I’d drafted out a quite different piece at first, whilst I was still halfway through the book, for what struck me then was the relevance today of this tale involving suicide bombers and deadly disregard of ordered society. It all seemed so believable and modern. In the back of my mind, I was contrasting Conrad with John Cowper Powys, whose dramas take place within the souls of lonely individuals: every character reflecting an aspect of its author. Conrad seems the opposite, concerned with the dynamics of action in a tough world. But now I see that The Secret Agent, for all its sordidness and dark intrigue, is psychological too, a mirror to the real world.
The modern school of literary criticism, if I am not mistaken, analyses texts as objects with intrinsic qualities. I don’t take that view. Texts are nothing without the reader, who alone constructs the meaning. They are dishes served up to a person, preferably hungry, on a particular occasion. By this, my book-reviewing is a subcategory of memoir-writing. It reaches out to an unknown reader, gives my personal view; is not a judgement of merits, doesn’t trouble itself with suggesting “Read (or don’t read) this book. I share because I like to do so.

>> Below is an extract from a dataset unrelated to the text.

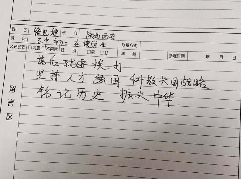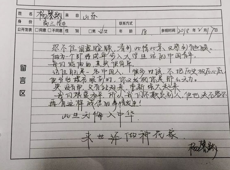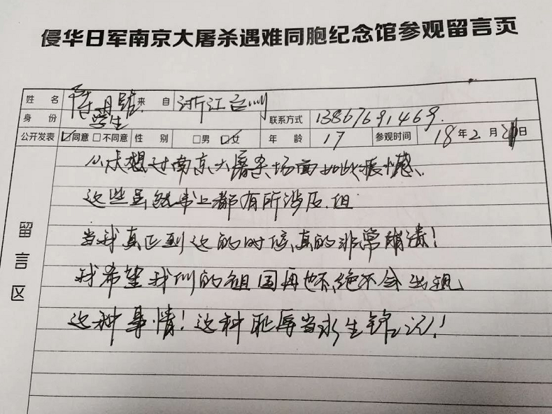 来自扬州的高先生夫妇特意赶在假期结束前,带着11岁的儿子来到纪念馆参观。他们还在史料陈列厅的留言屏幕上手写留言:“勿忘国耻,愿我们的祖国越来越强大!”高先生说,儿子还小,正是树立世界观、价值观和人生观的时候,“我带他来了解这段历史,让他记住当年祖国落后,日本发动了侵华战争,杀了我们很多无辜的百姓。现在身在和平年代,要好好学习,将来为祖国更加强盛,尽自己的一份力。”

Last night I watched a movie, Crash (2005). The premise, played out on dangerous streets in LA, is that racial prejudice is lethal, yet redemption is always possible. To demonstrate the point we are offered a bouquet of unlikely coincidences. As a child at heart, my favourite thing was the invisible cloak of invulnerability. A father bestows it on his five-year-old daughter. She believes, and it doesn’t let her down.
From Conrad to a popular movie: I am not going to say “from the sublime to the ridiculous”. I’ve read few novels, and until recently seen few films. As far as I am concerned, all experience is worth savouring as if rare and precious, full of significance. Because it is.